Jesus wasn’t still just passing by, He was sharing life and sharing one of their culture’s most intimate times with the sinners – He was eating with them. Jesus partied with the sinners.

16 When the teachers of the law who were Pharisees saw him eating with the "sinners" and tax collectors, they asked his disciples: "Why does he eat with tax collectors and 'sinners'?"

17 On hearing this, Jesus said to them, "It is not the healthy who need a doctor, but the sick. I have not come to call the righteous, but sinners."

Now, we don’t hear a response from the religious folks – from the Pharisees after this confrontation, but based on the rest of the Gospel of Mark, I don’t think they joined Jesus after that.

Here’s what we need to see. Of course we are Levi, but in one way or another, everyone of us is also the Pharisee.

Here’s what I want to do: I am going to have you close your eyes, I don’t want you to sound off, I just want you to think about your HONEST and candid response to these words.
Again, just think of your HONEST reaction. I’m not going to have you fill out a card. I’m not going to have you come up and tell us your churchy response.
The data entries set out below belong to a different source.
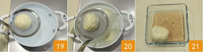 Cuando los canederli estén bien fríos y compactos, cuécelos (4 a la vez) hirviéndolos durante unos 10 minutos en agua hirviendo salada 19, luego escúrrelos 20, pásalos por una mezcla de pan rallado, azúcar moreno y polvo de canela 21.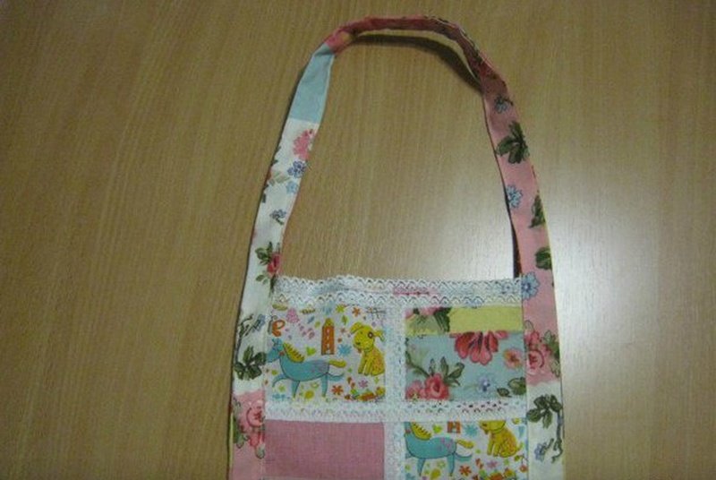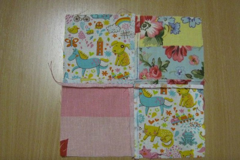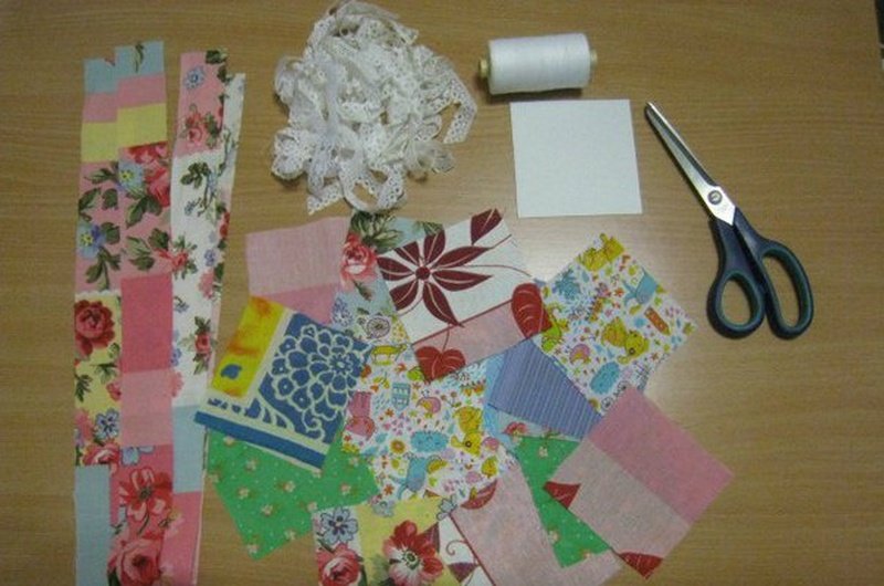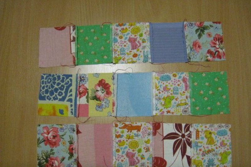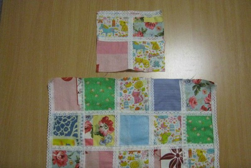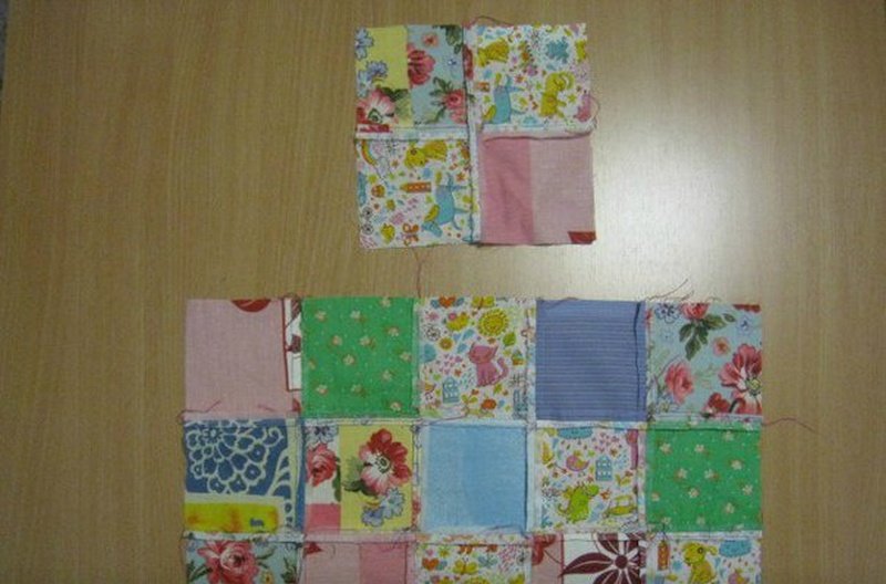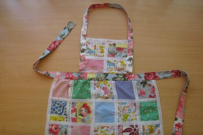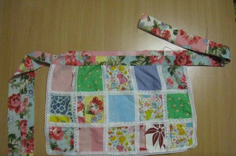 Para el trabajo, preparamos 30 trapos del mismo tamaño. Pueden tener diferentes formas, pero será más fácil para las costureras novatas trabajar con los mismos cuadrados. Conectamos 6 piezas en una tira y cosimos. También hacemos 3 espacios en blanco más. Ahora colóquelos en un rectángulo grande y cóselos. Conectamos 4 cuadrados y los colocamos en el centro de la parte principal. De los 2 cuadrados, formamos la parte superior del delantal.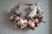 ヌードピンクな花色に合わせ落ち着いた雰囲気のリースブーケに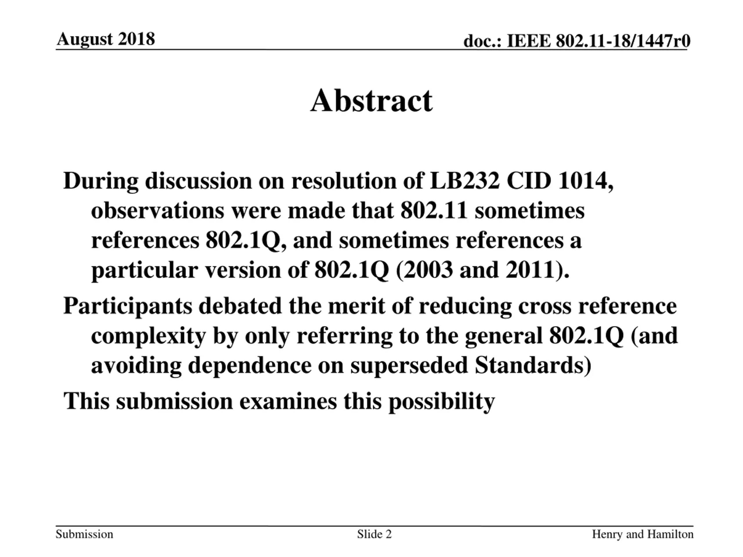 August 2018 doc.: IEEE 802.11-18/1447r0 Abstract During discussion on resolution of LB232 CID 1014, observations were made that 802.11 sometimes references 802.1Q, and sometimes references a particular version of 802.1Q (2003 and 2011). Participants debated the merit of reducing cross reference complexity by only referring to the general 802.1Q (and avoiding dependence on superseded Standards) This submission examines this possibility Submission Slide 2 Henry and Hamilton
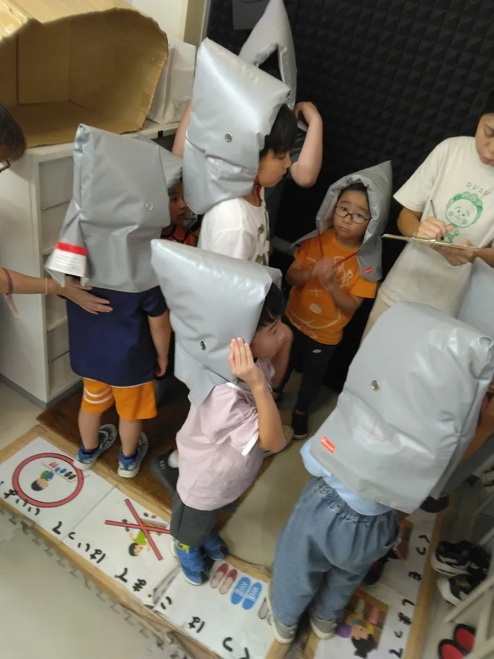 大人からの指示がなくても、子どもたち自らがお友達の防災頭巾を配ってくれて

This is between you and your heart, and this text and the God of the Universe.

Okay, close your eyes and listen and in your heart gauge your honest response:

Politician - Republican - Democrat - Tea Party - Barack Obama - Nancy Pelosi - Rand Paul - George Bush - Bill and Hillary Clinton - Glenn Beck

Let’s move out of politics and move around to other areas:
Meth addict - Meth cook - Neglectful parent - Abusive parent - Animal abuser - Animal lover - Cop - Immigrant - Women - Men - Homosexual - Homophobic - Racist - Liberal - Fundamentalist - Baptist - Pentecostal - Presbyterian - Lutheran - Catholic - Jew - Mormon - Jehovah Witness - Corporate leader - Preacher - Atheist - Professor - Bartender - Prostitute - Pimp - Murderer - Child Molester - Traitor - Cheater - Teacher - Mother - Father

Now, while several of those are outright sinful, others are simply unacceptable to you if your culture and your own sinful heart has put up walls around us and “our people” from “those people”.
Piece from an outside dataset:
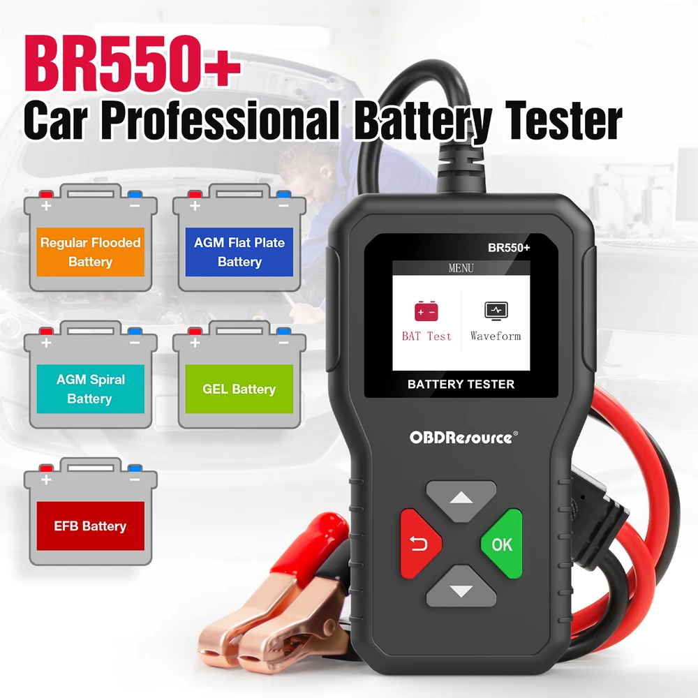 OBDResource BR550+ Тестер автомобильных аккумуляторов 6В 12В 24В, 100-2000CCA, измеритель напряжения, анализатор автомобильных батарей, диагностический инструмент, низкая цена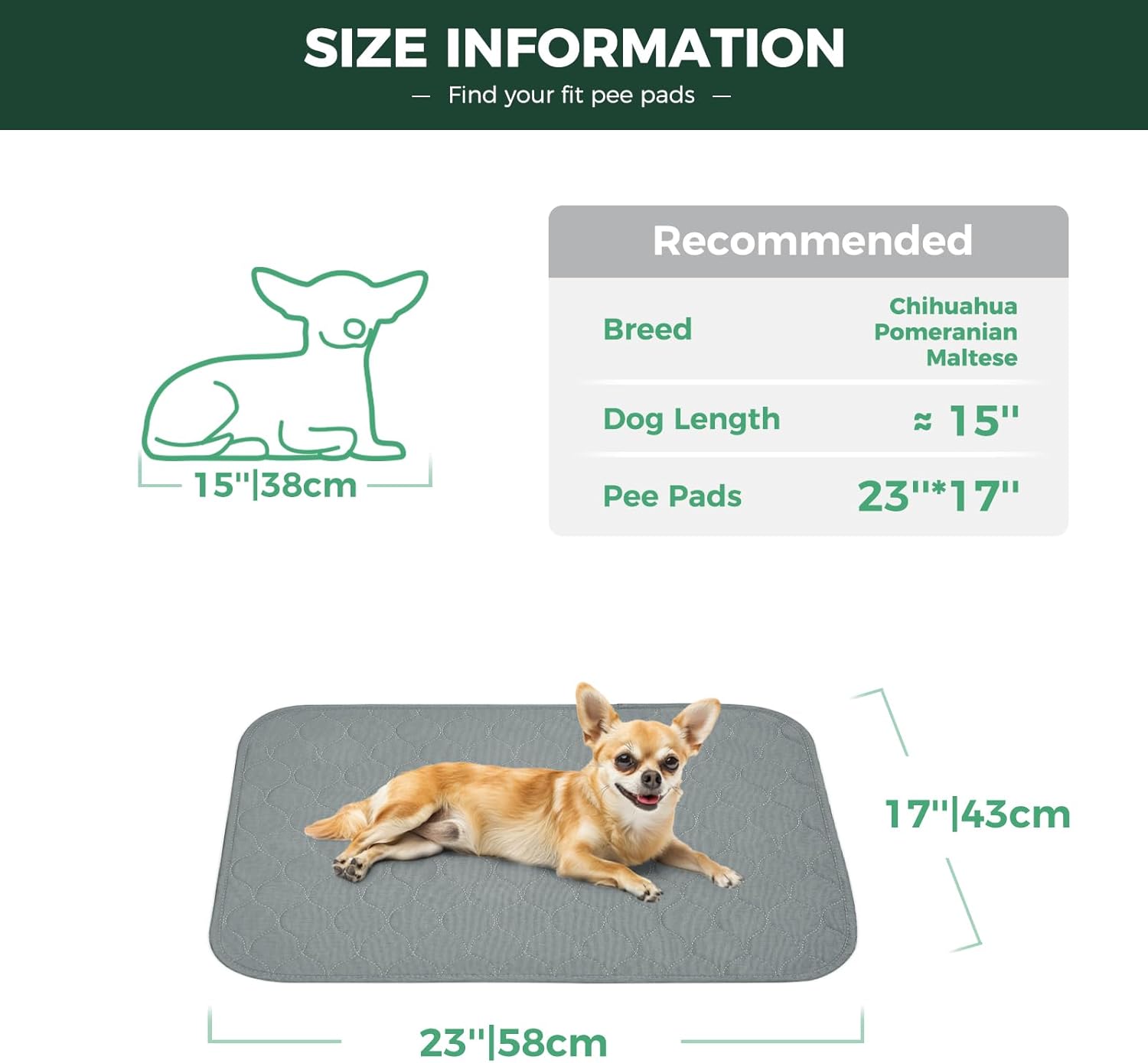 FXW Washable Pee Pads for Dogs, Puppy Pads with Super Absorbent, Specifically Designed for 24inch Cages, 23" × 17" Rectangle, Gray, 4 Packs

But, regardless of the group or the individual, what is our mission? When we come up next to the people who raise our anger and set us off, what are we here to do IF we are followers of Christ? What is our task, our calling, our reason to live IF we are The Church?
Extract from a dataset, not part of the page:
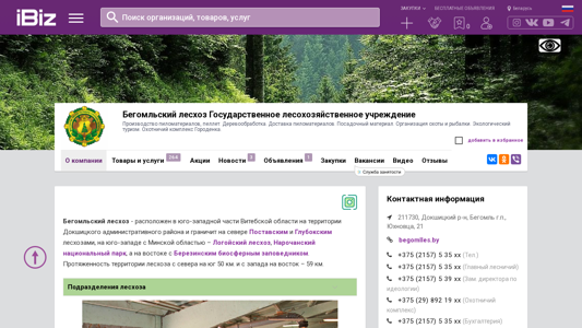 | AI-анализ | meta: The website is for a state forestry enterprise, Belomgles, located in the southwest of Vitsebsk region, bordering with Pospelovsky and Gulboksky forestries, Min region's Lohisky forestry, Narachansky National Park, and Brest region's Beryozinsky Biosphere Reserve. It covers an area of 50 km by 59 km. The website offers information on the production of timber products, pellets, woodworking, delivery of timber products, sale of seedlings and saplings, as well as organization of hunting, fishing, ecological tourism, and a hunting complex in Gorodenka. The contacts of two forestry subdivisions, Belomgelskie and Berezkovskoe lesnichestva, are provided, along with their phone numbers. |

If we are simply modern day Pharisees, our mission is to poke and scorn and demean or even simply ignore and avoid the people we see as unfit our broken or lost or unclean on that list.

But if we are THE CHURCH, if we are In Christ and we actually believe what this Bible says, then we are Agents of Reconciliation!

And, who are we here on Earth – now – in this place and in this time, who are we here on Earth to reconcile through the power of the Holy Spirit and the Gospel proclamation and by our Gospel intentioned living?

SINNERS. Which Sinners? Which ones do we share with? Which ones do we love? Which ones do we pray for? Which ones to we pursue and fight FOR?!

Jesus didn’t say “this kind of sinner” or “that kind of sinner”. He said he came to call the sinner and that is you and me and everyone else apart from Christ. He didn’t come to call the righteous to Him because there were no righteous ones to call. Amen?

Now we are almost done, but let’s move on to our big announcement. It relates perfectly to tonight’s passage.
Listen, Since the day we launched the Church in the Grass, starting with our first service in early 2009, we have tried to consistently state and restate and call one another to our central mission as the church.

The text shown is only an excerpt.